Giancarlo sighed heavily and raked his fingers through
his hair in sheer frustration as Caroline stubbornly lay down, closed her eyes and enjoyed the sunshine.

‘I’ve seen firsthand how unreliable the institution of marriage is,’ he admitted gruffly. ‘And I’m not just talking about the wonderful example set by my parents. The statistics prove conclusively that only an idiot would fall for that fairy-tale nonsense.’

Caroline opened her eyes, propped herself up on one elbow and looked at him with disbelief.

‘I’m one of those so-called idiots.’

‘Now, I wonder why I’m not entirely surprised?’

‘What right do you have to say that?’

Giancarlo held both hands up in surrender. ‘I don’t want to get into an argument with you, Caroline. The weather’s glorious, I haven’t been out on a sailboat for the longest while. In fact, this is pretty much the first unscheduled vacation I’ve had in years. I don’t want to spoil it.’ He waited for a few seconds and then raised his eyebrows with amusement. ‘You mean you aren’t going to argue with me?’ He shot her a crooked grin that made her go bright red.

‘I hate arguing.’

‘You could have fooled me.’

But he was still grinning lazily at her. She felt all hot and flustered just looking at him, although she couldn’t drag her eyes away. It was impossibly still out here, with just the sound of gentle water and the far-away laughter of people on the nearest sailboat, which was still a good distance away. Suddenly, and for no reason, Caroline felt as though they were a million miles from civilisation, caged in their own intensely private moment. Right now, she wanted nothing more than to be kissed by him again, and that decadent yearning was so shocking that her mouth fell half-open and she found that she was holding her breath.

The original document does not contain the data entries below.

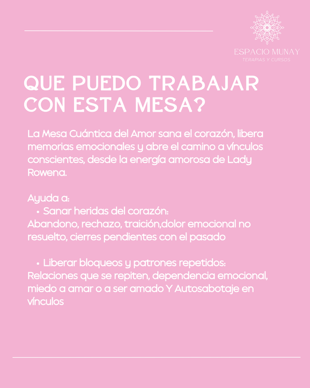 La Mesa Cuántica del Amor, acompañada por la energía amorosa de Lady Rowena, es una herramienta profunda para sanar el corazón, liberar memorias emocionales y abrirte a vínculos conscientes y alineados a tu alma.
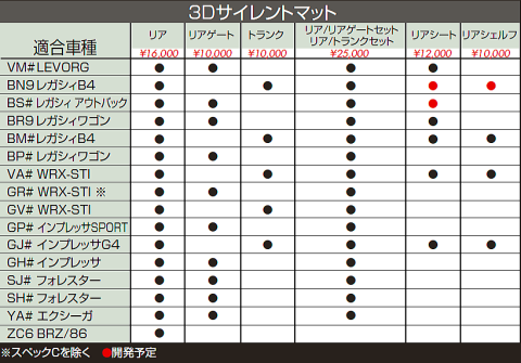 | 現行のスバル車に手軽に使っていただける防音マットを新発売!! 商品のタイプは5種類です @ スペアタイヤ部分用 : リア A リアゲートパネル内部 : リアゲート B トランク部分 : トランク ※@+Aのセット商品もあります ※@+Bのセット商品もあります C リアシート座面下部 : リアシート D セダン車のスピーカーボード部 : リアシェルフ 適合は、リストを参照 ![]() 車種によって使用する部品構成は異なりますが、いずれもユーザー様がDIY取付も可能なレベルで装着が可能で、簡単に効果の体感を実現いたしました。 ※一部工具を必要とする作業を伴います @ マフラーの気になるこもり音が減少 A ロードノイズの低減 B お手軽に装着出来る と良い事だらけです(^_^)v 詳しくは説明をよくご覧下さい |
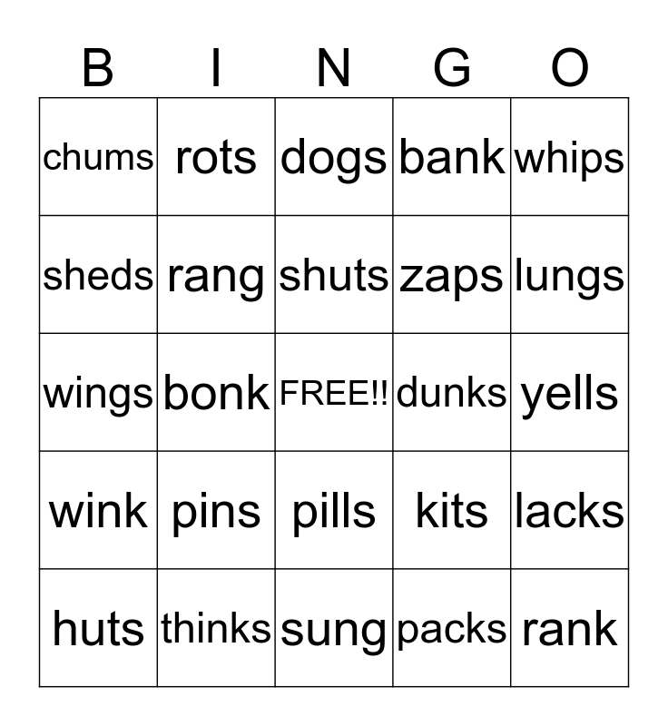 This bingo card has a free space and 24 words: pins, thinks, shuts, huts, whips, chums, sheds, rots, dunks, pills, zaps, wings, kits, lacks, rang, packs, yells, dogs, lungs, bonk, rank, wink, bank and sung.
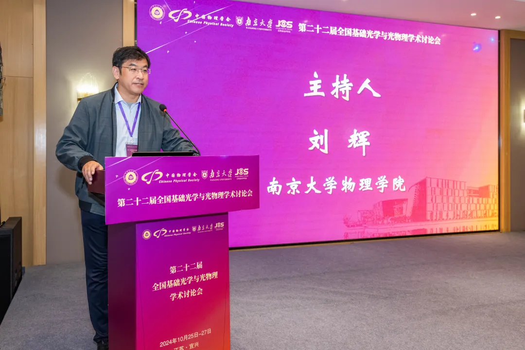 2024年10月25日至27日,由中国光学学会基础光学专业委员会、中国物理学会光物理专业委员会联合主办,南京大学物理学院与江苏省光学学会联合承办的“第二十二届全国基础光学与光物理学术讨论会”在江苏宜兴顺利召开。中国光学学会副理事长、专委会主任、大会主席刘运全教授,南京大学党委常委、副校长王振林教授,南京大学物理学院书记鞠艳,宜兴市委常委、开发区党工委副书记、管委会主任虞仁军出席开幕式并致辞。开幕式由南京大学物理学院副院长刘辉主持。开幕式上,刘运全对与会专家、代表的到来表示欢迎。他强调,光学作为一门古老而又前沿的科学,始终在推动着人类的科学进步和技术革新。从经典光学的建立,到现代非线性光学,量子光学,再到光电子、光通信和光学成像技术的迅猛发展,已逐渐成为推动社会发展、造福人类生活最重要的科学领域。光学技术逐渐渗透到社会生活的方方面面,为信息产业、医疗健康、能源利用、国防安全等诸多领域注入了新的活力和动能。基础光学专委会有着40多年的悠久历史,第一届专委会主任是由我国光学泰斗、学会首任理事长王大珩先生担任,上一届专委会主任、北京大学龚旗煌院士为专委会的发展做出了重要贡献。同时,感谢宜兴市地方政府、南京大学物理学院为会议顺利举办所做出的贡献。
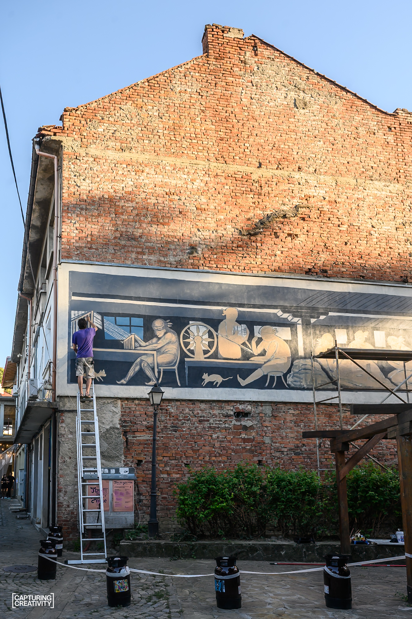 И още нещо важно за мен в Габрово: в рамките на Микрофест •Три за щастие• реализирахме стенописа „Метаморфоза“ на Кром Багелски – визуален разказ за женския труд и габровската предприемчивост, стъпил върху историята на копринарството в кв. Шести участък. За мен този проект е пример как съвременното изкуство може да връща видимост на местната памет и да я превежда на език, който остава в града.

‘Okay, but you have to admit that you give me lots to argue about.’

‘I absolutely have to admit that, do I?’

The soft, teasing amusement in his voice made her blush even harder. Suddenly it seemed very important that she remind herself of all the various reasons she had for disliking Giancarlo. She loathed arguing and had never been very good at it, but right now arguing seemed the safest solution to the slow, burning, treacly feeling threatening to send her mind and body off on some weird, scary tangent.

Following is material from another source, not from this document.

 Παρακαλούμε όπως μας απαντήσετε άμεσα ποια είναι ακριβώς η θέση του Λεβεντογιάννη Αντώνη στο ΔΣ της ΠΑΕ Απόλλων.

‘So, what about girlfriends?’ she threw recklessly at him.

‘What about
girlfriends
?’ Giancarlo couldn’t quite believe that she was continuing a conversation which he had deemed to be already closed. She had propped herself up on one elbow so that she was now lying on her side, like a figure from some kind of crazily erotic masterpiece. The most tantalizing thing about her was that he was absolutely convinced that she had no idea of her sensational pulling power.

‘Well, I mean, is there someone special in your life at the moment?’

‘Why do you ask?’

‘I … I just don’t want to talk about Alberto …’ Caroline clutched at that explanation. In truth, the murky business between Giancarlo and his father seemed a very distant problem as they bobbed on the sailboat, surrounded by the azure blue of the placid lake.

‘And nosing where you don’t belong is the next best thing?’ He should have been outraged at the cavalier way with which she was overstepping his boundaries, but he didn’t appear to be. He shrugged. ‘No. There’s no one special in my life, as you call it, at the moment. The last special woman in my life was two months ago.’

‘What was she like?’

‘Compliant and undemanding for the first two months. Less so until I called it a day two months later. It happens.’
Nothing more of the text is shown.